Energy Markets Slump to new lows after Gustav leaves the Gulf with minimal damage as focus returns to weakening US Economy.

Natural Gas and Oil

Technical Outlook: Since our last report we said that the longer-term picture is beginning to look more technically bullish as indicators remain still grossly oversold with stochastics, relative strength, momentum, the rate of change, the MACD, Bollinger bands, along with several oscillators exhibiting depleted value indications and yet we said looking ahead all technical indicators are still grossly oversold with the existing lows at $7.61 holding as a short term bottom that should impulse another test of the recent high range between $8.60 and $8.80 as we head into next week, however the market failed to reach this range after topping out at $8.32 on August 29 and subsequently broke down to new lows virtually testing the $7.0 benchmark with the market now holding a double bottom at $7.02 from which values a rebound again today to close positive. Today’s positive close at $7.32 basis spot for a gain of 5.8 cents left a V-bottom in the chart that technically indicates a short-term low is now in place. With most technical indicators still grossly oversold this price action suggests at least a momentum continuation to the upside for a test of previous resistance at $7.60 scaled up to $7.75 near-term with a potential punch through this band possibly resulting in an upward thrust to the $8.0 benchmark before values fall back. Look for support on pullbacks first at $7.20 scaled all the way down to the existing lows at $7.02.

Fundamental Supply Update

This week's EIA report revealed another consecutive injection of 90 bcfs, which was right in line with both estimates that ran closer to 90 by DowJones and Bloomberg respectively. Storage now stands at 2847 bcfs which is 148 bcfs below last year’s record and now 102 bcfs or 3.7% above the five year average of 2745 bcfs. This report was obviously bearish in retrospect to historic weekly injections and also by the fact that it decisively moved up supplies to 3.7% over the five-year average and thus prices collapsed early in the session to retest the existing low at $7.02 before rebounding from a double bottom into positive territory by the close.

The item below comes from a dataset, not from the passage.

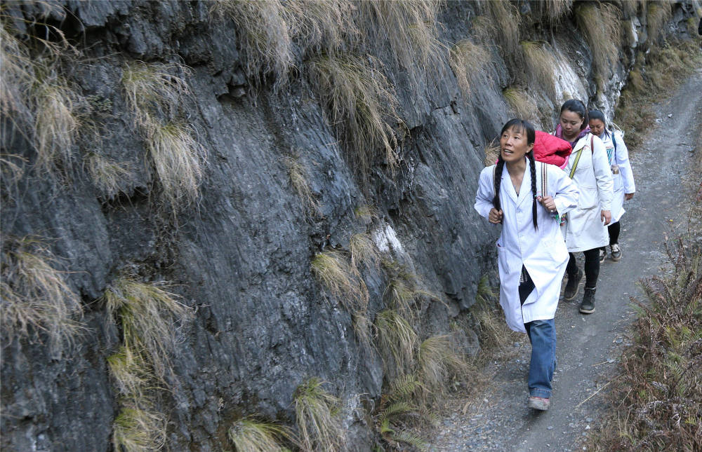 ↑2019年1月13日,在云南省贡山县丙中洛镇,管延萍(左)与同事走在进村的山路上。管延萍从经济发达的珠三角地区,自愿到深度贫困地区云南怒江傈僳族自治州参加东西部扶贫协作,并主动申请将期限从半年延长至3年。 新华社记者张加扬摄

Looking ahead the market has almost completely depleted itself of any risk or whether premium that would typically characterize peak hurricane season and is actually grossly oversold in respect to the fact that two existing named storms are still approaching the southeastern US from the Atlantic. Most of the bearish fundamentals have been fully priced in, that being the backdrop of slowing consumer demand from a weakening economy, dramatically lower crude oil pricing, and most recently storm disappointment along with a backdrop of anemic cooling demand this summer as the heat index in key consuming regions was almost a non-event which contributed to storage eventually building up a surplus over the five-year average. However today’s price action confirmed a grossly oversold technical market with a short-term double bottom in place as traders began to realize the greater risk seems to be holding short positions at these lower levels as most of the longs have already vacated the market. With natural gas values already depleted percentage wise well below what petroleum values declined to, traders have begun to look at the prospect of greater profits to be made from a value aspect from current levels considering the remaining storm threat along with the prospect of winter demand ahead. All eyes will be focused on tomorrow’s unemployment numbers which will likely be dismal in their continued revelation of an economy falling deeper into recession, along with a quick return of attention to hurricane Ike and other storm threats possibly to follow as I anticipate further short covering before the weekend.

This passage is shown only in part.